Prospect Profile: Aaron Cheesman

It must seem like deja vu all over again for Aaron Cheesman. The young catcher spent two seasons blocked by a more talented catcher and now faces a ton of roadblocks as a member of the Phillies organization. If his quick start means anything, Cheesman may be able to move past at least some of those blocks.

When scouts look at catchers, they consider things like defense, arm strength and smarts. With Cheesman, it's the smarts part that definitely stands out. Cheesman - who turns 24 on Monday (9/25) - is probably one of the smartest players who was available in the draft this past June. He's got book smarts and baseball smarts that have helped him excel on the field. His intelligence also helped him to develop a leadership role on the Florida State Seminoles team as he took over control of the pitching staff during games.

Outside of his intangible skills, Cheesman was thought to have just average defensive abilities and similar offensive strengths. You wouldn't have known that he was anywhere near simply average in his first pro season. Cheesman spent the summer with the Gulf Coast League Phillies and hit .348 in 31 games, with a .443 on-base percentage. The key to Cheesman's success was his plate discipline that saw him walk 14 times while striking out in just nine at bats.

The tough part is going to be for Cheesman to carve his niche in the Phillies' organization. Louis Marson and Jason Jaramillo are seemingly battling for the catcher of the future distinction and Tuffy Gosewisch was taken in this year's draft in the 11th round. Plus, there's Reece Creswell and Joel Naughton, who were Cheesman's backups in the GCL and cut into his playing time there. With the numbers that Cheesman put up in 2005, it's possible that he'll be given a shot at Clearwater in 2006, serving primarily as a backup to Jaramillo. It would likely mean having to repeat Clearwater a year later to get the at bats that Cheesman would need, but it would at least give him a higher profile spot and a chance to further impress the Phillies' minor league staff. Marson and Gosewisch seem to have jobs at Lakewood locked up for 2006.

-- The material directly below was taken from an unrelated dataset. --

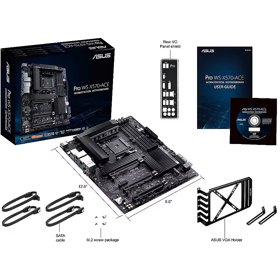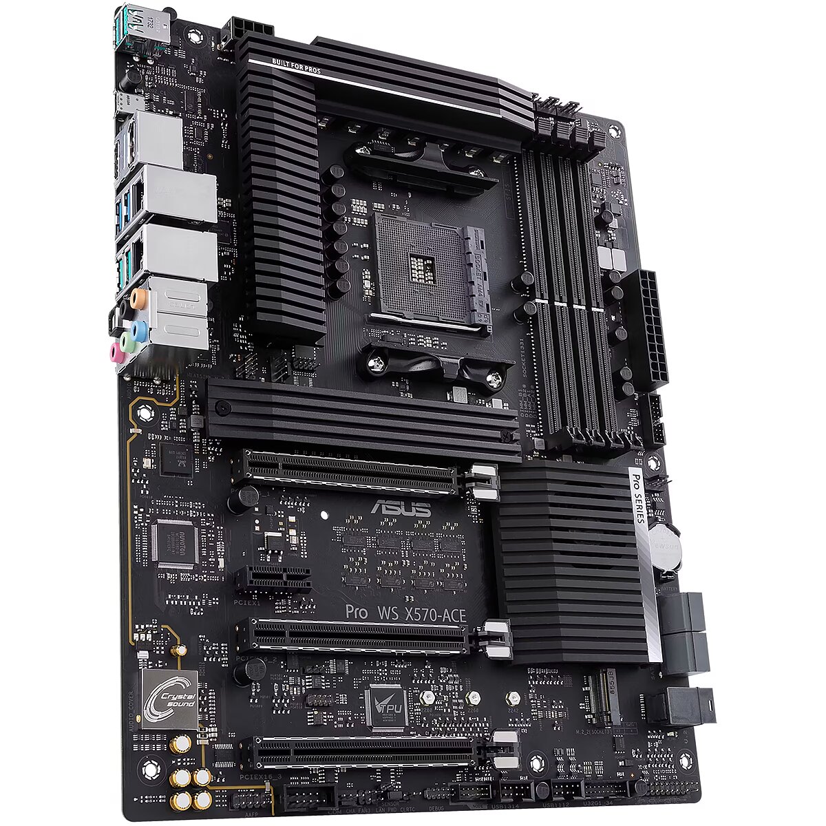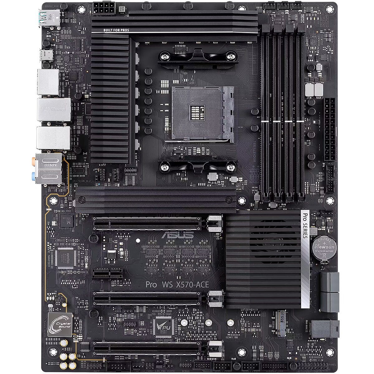 LongDesc - WORKSTATION MOTHERBOARDASUS Pro Workstation motherboards are designed for professionals in AI training, deep learning, animation, 3D rendering or media production. Featuring expandable graphics, extensive storage, impressive connectivity and exceptional overall performance and reliability, Pro Workstation motherboards are the ideal solution for creative professionals. Each motherboard includes centralized management software with support for out-of-band management, so they're also an efficient and cost-effective option for IT administrators.Multi-GPU supportFully loaded takes on new meaning when you have up to 24 PCI Express® lanes and those lanes can be split in a 3-way x8/x8/x8 configuration spanning the board's trio of PCIe x16 slots, allowing you to load up on GPUs to accelerate an increasingly diverse array of workloads, including AI training, 3D rendering, and scientific or financial modeling.ASUS 2-WAY VGA holderUser-friendly designThe Pro WS X570-ACE is packed with an exclusive two-way VGA holder to provide extra rigid support for up to two high-end graphics cards, to prevent potentially damaging bowing or bending. This VGA holder is easy to install and can be mounted with an additional system fan (up to 120mm), making sure your workstation has ample cooling to complete any task.ASUS Control Center ExpressCentralized, cost-effective server-grade managementASUS Control Center Express is centralized server-grade software that works in conjunction with a GbE LAN controller which also serves as a management controller to reduce IT operational costs and improves efficiency. Its out-of-band management enables hardware-level control such as remote hardware reset, BIOS setting and update, and operating system installation across multiple clients, and remotely troubleshoot crashes or unexpected shutdowns.Make your memory faster and reliableError-Correcting-Code (ECC) support offers a potent foundation for your build and enables Pro WS X570-ACE to automatically detect and repair single-bit memory errors, ensuring reliable and responsive performance in mission-critical environments.ASUS OptiMemProprietary Memory DesignASUS OptiMem memory trace layout unleashes the full performance potential of AMD's Infinity Fabric architecture by enabling higher memory frequencies and lower latencies.Power delivery enhancementsThe 3rd Gen AMD Ryzen™ processors boast more cores and bandwidth, demanding more power than typical desktop CPUs. Pro WS X570-ACE is geared up for the demands of these high-core-count processors, offering a stable power to ensure optimal performance.ProCool II power connectorThe latest ProCool II is an enhanced EATX 8-pin power connector that offers higher endurance and longer lifespan by lowering impedance to prevent hotspots and connector failure. The new design includes upgrades to metal amour and solid pins for better dissipation, as well as a warning LED display with a BIOS POST message to indicate an improper connection.Power stages with IR3555 designThe CPU VRM on Pro WS X570-ACE employs a 12+2 power stage design with IR3555, combining high-side and low-side MOSFETs and drivers into a single package, delivering the power and efficiency that high core count processors demand.Alloy chokesThe Pro WS X570-ACE series uses efficient alloy chokes and high-quality thermal pads to help transfer heat from the VRM array to a sink with ample surface area for the processors.Durable capacitorsDurable capacitors are engineered to resist extreme temperatures and provide up to 110% better performance than the industry standard.8-layer PCB designMultiple PCB layers shift heat away from critical components, providing more headroom to push your CPUs beyond stock speeds.Trusted StabilityPro WS X570-ACE features the most comprehensive cooling controls ever, configurable via Fan Xpert 4 or the UEFI BIOS.Active PCH HeatsinkPCIe 4.0 provides twice the bandwidth for data flowing through the chipset, which creates more heat than the previous generation. The Pro WS X570-ACE features an actively cooled heatsink to prevent throttling during sustained transfers.- Custom Delta Superflo Fan: The custom low-noise fan features a high-durability bearing with a 60,000-hour L10 lifespan.- Air Duct: A specially-designed air duct helps the fan generate static pressure and concentrates air flow over the fins.- Finned heatsink: The heatsink fin density is optimized to maximize surface area while maintaining a low-resistance exhaust path.Cooler by designFlexible cooling controlsPro WS X570-ACE features the most comprehensive cooling controls ever, configurable via Fan Xpert 4 or the UEFI BIOS.Multiple temperature sourcesEach header can be set to monitor and react to three thermal sensors, and Fan Xpert 4 allows you to assign a sensor to monitor the temperature of supported ASUS graphics cards — all to provide optimal cooling during GPU- or CPU-intensive workloads.AIO pumpDedicated PWM/DC header for self-contained water-cooling setup, built right in.4-pin PWM/DC fanEach onboard header supports auto-detection of PWM or DC fans.Smart protectionA dedicated integrated circuit protects each fan header from over-temperature and over-current.M.2 HeatsinkKeep your SSD coolerPro WS X570-ACE features an ultra-efficient heatsink to reduce M.2 SSD temperatures by up to 22°C for optimal storage performance and improved SSD longevity.Speed up with onboard M.2 & U.2With x4 PCI Express® 4.0 bandwidth, Pro WS X570-ACE features up to 64Gbps M.2 and U.2 for faster data-transfer speeds — ideal for an operating system or application drive.USB 3.2 Gen 2 back-panel connectorsFuture-proof connectivityThe back panel of the Pro WS X570-ACE features five USB 3.2 Gen 2 connectors, including one reversible Type-C™ and four backward-compatible Type-A to deliver ultimate connection flexibility and blazing data-transfer speeds of up to 10Gbps.Armoury CrateThe new Armoury Crate portal keeps you updated with the latest drivers and

The biggest question with Cheesman is whether or not his offensive numbers were a mirage. In college, Cheesman was a career .308 hitter, but keep in mind that college is a different game, using aluminum bats and that it took a .347 average in his junior year for Cheesman to achieve the numbers that he did. Without that huge season, he would have been a career .284 hitter with the Seminoles.